Mexico – Not Just for the Big Players
An increasing number of privately-held, midsized companies have expanded their offshore manufacturing presence in response to growing demand for their wares. At first, it was larger multinationals like General Electric, Honeywell, General Motors, Delphi and others that set up manufacturing or R&D facilities in Mexico. For decades, large companies have realized many benefits from a manufacturing presence in Mexico, including access to a highly skilled workforce, proximity to the North American market, stable costs and currency, and solid English language skills. Now smaller firms are getting in on the game too, choosing Mexico instead of China for offshore development and manufacturing.

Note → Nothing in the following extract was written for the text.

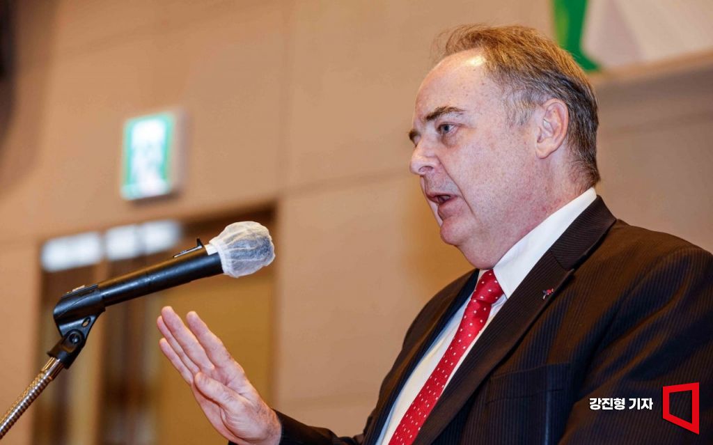 제프 로빈슨 주한호주대사가 26일 서울 여의도 FKI 타워 컨퍼런스센터에서 열린 '한-호주 그린 EPA 비즈니스 포럼'에 참석해 축사하고 있다.

Wages in Mexico are more stable than in China, where some regions are seeing increases of up to 20 percent in labor costs. That combined with high inflation in China and rising sea transport costs, are additional factors making Mexico a more desirable destination for international companies in North America.

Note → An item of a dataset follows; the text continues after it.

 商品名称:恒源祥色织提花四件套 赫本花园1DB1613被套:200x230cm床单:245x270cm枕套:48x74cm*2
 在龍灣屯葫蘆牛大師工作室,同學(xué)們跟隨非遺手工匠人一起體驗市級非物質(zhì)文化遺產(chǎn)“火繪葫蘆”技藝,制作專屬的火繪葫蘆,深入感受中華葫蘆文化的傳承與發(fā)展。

TECT Aerospace for example started manufacturing aviation parts in Mexico this year. The company expects their new factory in Guanajuato, Mexico to employ 50 full-time staff when the plant is fully operational. Growth spurred by an increase in the production of jetliners and military projects necessitated the expansion. So far, the launch has gone well, according to Ray May, director general of TECT Aerospace. “The quality and work ethic of the workforce, and support provided by local and regional governments has been instrumental in the smooth startup of operations.”
This sentiment is not coincidental, as the Mexican government has invested heavily over the past decade in educational programs and other engineering and technology training, in efforts to develop a workforce more attractive to multinationals from the U.S. and elsewhere. Mexican universities have churned out a large number of engineers (some estimate up to 500,000 students are enrolled in engineering programs across Mexico) who also possess solid English skills, ready to put their expertise to work.
Privately-held tier two and three suppliers are also discovering that a presence in Mexico not only permits them to continue serving their traditional tier one customers, but as well exposes them to the increasing opportunities granted by the wide range of Asian OEMs also flocking to the region.
Nissan for example has already laid the foundation for its new manufacturing complex in Aguascalientes, its third in Mexico and the second in the state. The complex is being established to increase manufacturing capacity needed to satisfy the high demand for Nissan vehicles in the domestic and international markets. The location will include a supplier park and a quality proving ground.
In fact, Japanese automakers are opening new plants one after another. Koito Manufacturing has decided to build a production site in Mexico as well. As Japan’s largest automotive lamp manufacturer they are currently choosing where to locate the plant. Expected to take around 10 months to construct, the company expects that its facility will be completed well before automakers such as Nissan and Mazda increase Mexican production in early 2014.
There are many reasons to establish manufacturing and R&D facilities in Mexico. With the ease of entering the country, it’s now become attractive to all firms looking to gain a competitive advantage – not just the big guys.